# 2017 Haibike Yamaha



## fos'l (May 27, 2009)

Individuals report problems with the way e-power is integrated into their pedaling motion. I have the subject hardtail and to me the power delivery is smooth. Am I insensitive? What have others discovered with their Yamaha systems?


----------



## bplaizier (Feb 1, 2011)

I have a 2016 haibike with a Yamaha motor and love it. I think it is very smooth and really bike like feel. I have ridden several other motors and think the Yamaha is the best out there. I have seen that it has gotten some bad rap and can't figure out why....?

Sent from my SAMSUNG-SM-N915A using Tapatalk


----------



## kneecap (Dec 20, 2003)

I had a 17, & now an 18. both were/are fine motors., although the assist on the 18 has a higher cadence, & lots of low end torque that I really like. No motor issues at all on either.
My 18 charges up quicker than my Levo, & seems to have better range as well.


----------



## bplaizier (Feb 1, 2011)

I've always wondered why the Yamaha motor wasn't used on more bikes, I really like it. It has more torque than most of the motors and like you said the 18 has a higher Cadence that some people like but I don't mind I'm not a big spinner I'd rather mash it. And you can use a normal chain ring up front. 

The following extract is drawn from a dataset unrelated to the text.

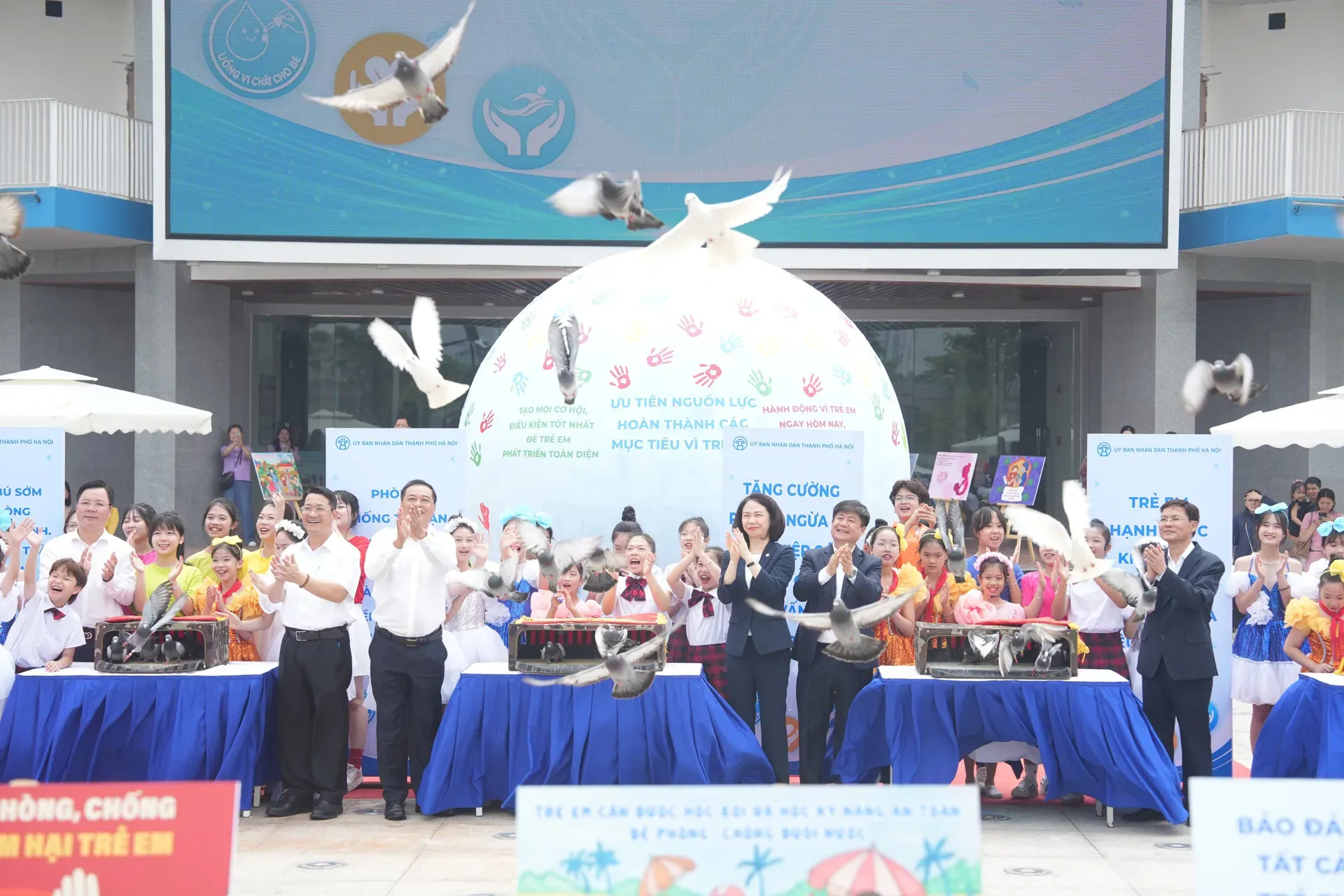 Vu Thu Ha (center in suit), Vice Chairwoman of the Hanoi People's Committee, and delegates participate in the pigeon release activity in 2025 titled "Joining hands to act for children". Photo: The municipal Department of Health

I rode my bike pretty hard and have not had one issue with the Yamaha motor either just seems Bulletproof. I have over a thousand miles on it don't know if that's a lot or not but not one issue.

Oh and one more thing you can peddle it without the battery and there's no resistance just seems like a normal bike. So if you ever ran out of battery you could actually pedal it. 

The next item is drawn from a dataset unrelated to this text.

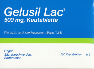 Gelusil Lac, 500 mg, Kautabletten. Wirkstoff: Aluminium-Magnesium-Silicat (1:2:3). Anwendungsgebiete: bei Säurebeschwerden verschiedener Art wie Sodbrennen oder saures Aufstoßen und zur unterstützenden Therapie bei Ulcus ventriculi oder Ulcus duodeni.

Sent from my SAMSUNG-SM-N915A using Tapatalk


----------



## 33red (Jan 5, 2016)

They way i see it the 2017 is just great. It feels to me like each pedal is like a throttle. It does what i want when i want it. 
I would not worry about all the garbage that is available to read online.
It might be people trying to bad mouth a great system because theirs have so many troubles.
It is obvious Specialized is all about BS selling not ready products and Shimano made big mistakes.
The one i trust are Yamaha, Rocky Mountain and if proven OK(reliable) the new Bosch.
I would buy one if i could find one my size. The problem here in Canada from what i read in 2020 there is no distribution.


----------



## hikerdave (Mar 8, 2006)

33red said:


> They way i see it the 2017 is just great. It feels to me like each pedal is like a throttle. It does what i want when i want it.
> I would not worry about all the garbage that is available to read online.
> It might be people trying to bad mouth a great system because theirs have so many troubles.
> It is obvious Specialized is all about BS selling not ready products and Shimano made big mistakes.
> ...


Mine Haibike SDURO is a 2018 PW-SE; little difference from the 2017. It has two things about it that aren't so good; torque drops off at high cadence and not as many points of engagement in the motor ratchet. I rarely notice either. 3700 miles problem free, and I haven't noticed a range drop-off. The motor if anything has gotten quieter; this morning I had to linger behind some hikers for a while before they noticed me. I think that I'll be riding the bike for years to come.


----------



## Browneye (Feb 20, 2020)

I have a SE and a X, and have ridden every motor brand except Bafang. 
I find them all more similar than different - the Brose being the quietest, but wind noise at speed is louder than all of them.

I absolutely love both of mine - got the Explore a few months ago, liked it so well I just picked up the Trance. 

From what I hear, the new 2020 X motor is super quiet, and provides higher cadence support and torque. Win win win all around. 

The only thing I think holding them back today is lack of a larger battery pack. For me the 400w in the Explore is fine, and the 500 in the Trance is as well. But I'm old.


----------